## EXERCISE REQUIREMENTS
From the material below, retype exactly the lines that begin at the line with "Roteador Mercusys Wireless" and end after the line with "Палатка четырёхместная JUNGLE"; pictures stay out of the copy.
TASK INPUT: Begin
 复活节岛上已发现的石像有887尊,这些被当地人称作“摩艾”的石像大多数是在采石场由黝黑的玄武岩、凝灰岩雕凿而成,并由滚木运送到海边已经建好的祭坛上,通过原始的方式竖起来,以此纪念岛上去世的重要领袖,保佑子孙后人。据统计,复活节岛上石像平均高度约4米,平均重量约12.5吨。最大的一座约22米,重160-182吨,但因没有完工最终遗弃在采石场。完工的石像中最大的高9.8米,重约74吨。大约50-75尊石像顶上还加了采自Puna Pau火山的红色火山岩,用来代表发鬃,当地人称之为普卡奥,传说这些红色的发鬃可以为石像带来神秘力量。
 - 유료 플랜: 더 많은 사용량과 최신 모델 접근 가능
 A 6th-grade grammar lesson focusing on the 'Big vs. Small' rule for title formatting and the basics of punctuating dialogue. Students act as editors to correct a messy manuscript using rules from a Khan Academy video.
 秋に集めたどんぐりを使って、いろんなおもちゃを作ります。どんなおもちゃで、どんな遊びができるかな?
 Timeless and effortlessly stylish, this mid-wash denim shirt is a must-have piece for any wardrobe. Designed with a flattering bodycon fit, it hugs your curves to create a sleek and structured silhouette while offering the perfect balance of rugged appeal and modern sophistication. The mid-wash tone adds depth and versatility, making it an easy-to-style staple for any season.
TASK INPUT: End
TASK INPUT: Begin
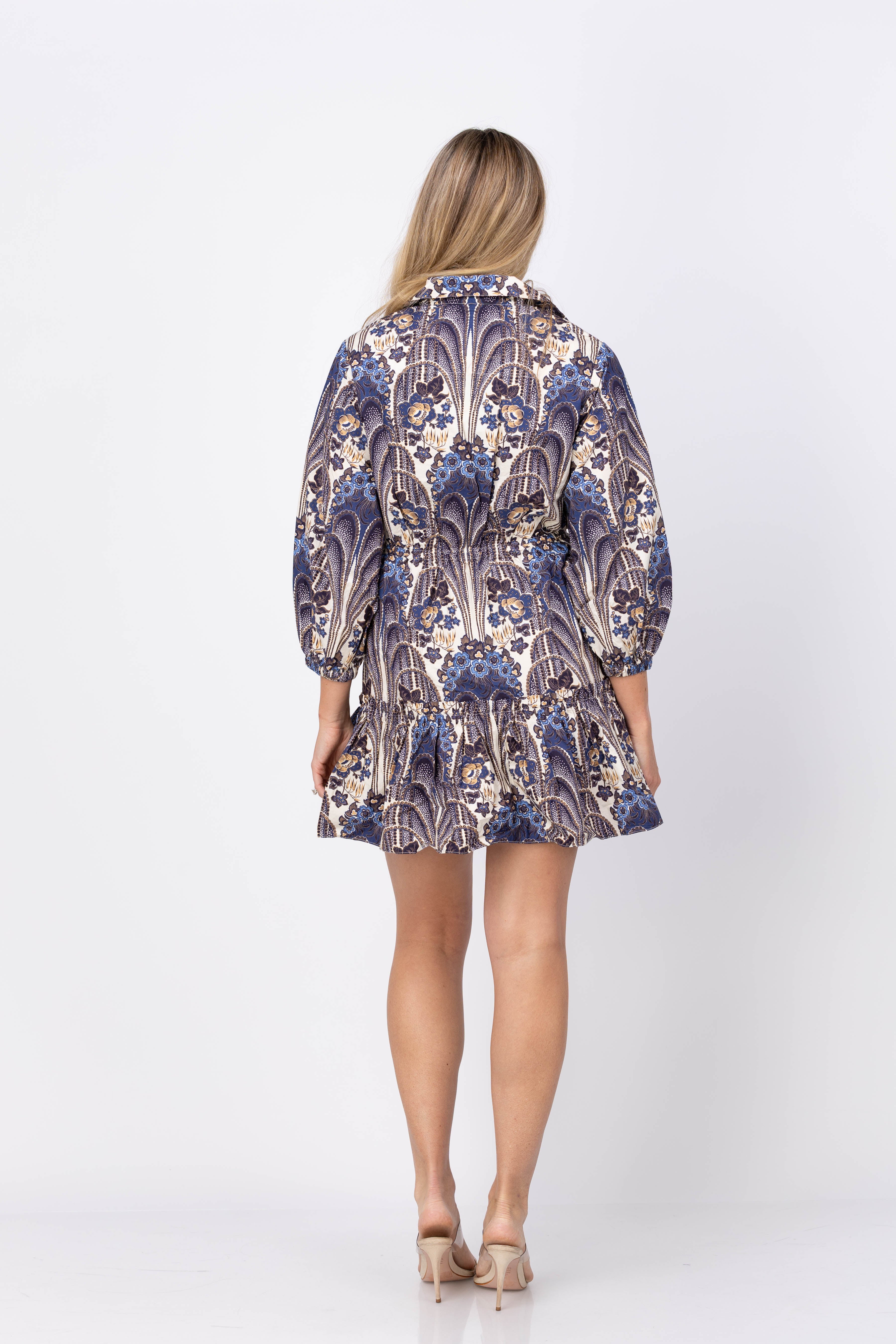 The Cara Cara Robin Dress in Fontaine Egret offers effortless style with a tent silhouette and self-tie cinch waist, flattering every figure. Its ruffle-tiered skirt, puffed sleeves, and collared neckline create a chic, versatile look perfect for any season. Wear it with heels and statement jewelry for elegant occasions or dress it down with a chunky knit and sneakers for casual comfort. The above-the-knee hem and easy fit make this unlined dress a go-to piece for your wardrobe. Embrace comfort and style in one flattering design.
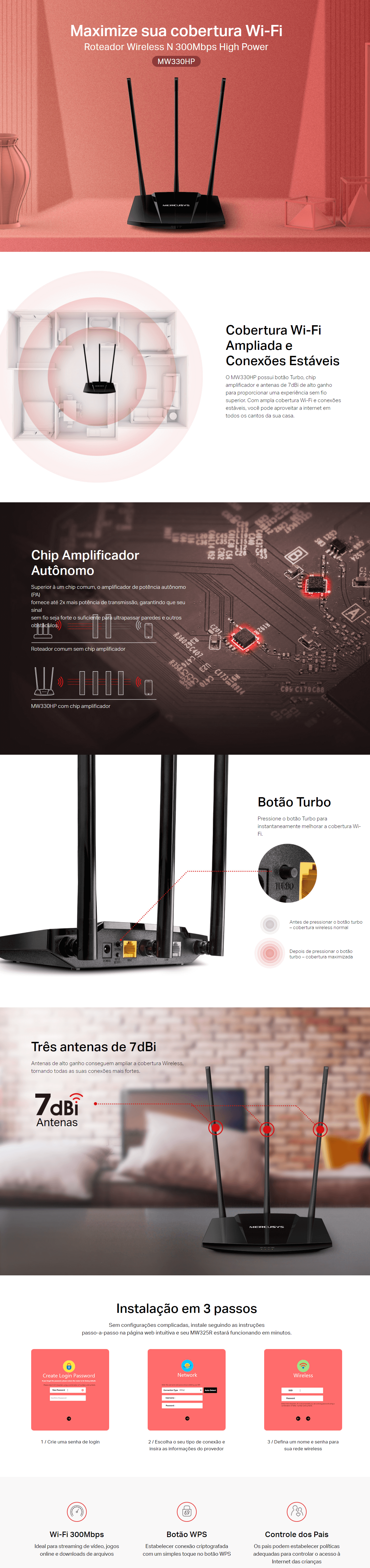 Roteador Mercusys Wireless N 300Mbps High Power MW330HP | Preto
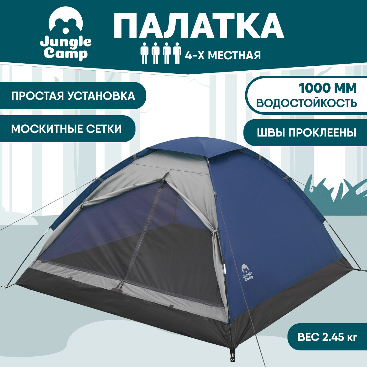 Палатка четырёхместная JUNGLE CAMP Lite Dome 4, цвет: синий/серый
TASK INPUT: End
TASK INPUT: Begin
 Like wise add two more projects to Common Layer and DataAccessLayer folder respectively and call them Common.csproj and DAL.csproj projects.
TASK INPUT: End
## RESPONSE TO THE EXERCISE
 Roteador Mercusys Wireless N 300Mbps High Power MW330HP | Preto
 Палатка четырёхместная JUNGLE CAMP Lite Dome 4, цвет: синий/серый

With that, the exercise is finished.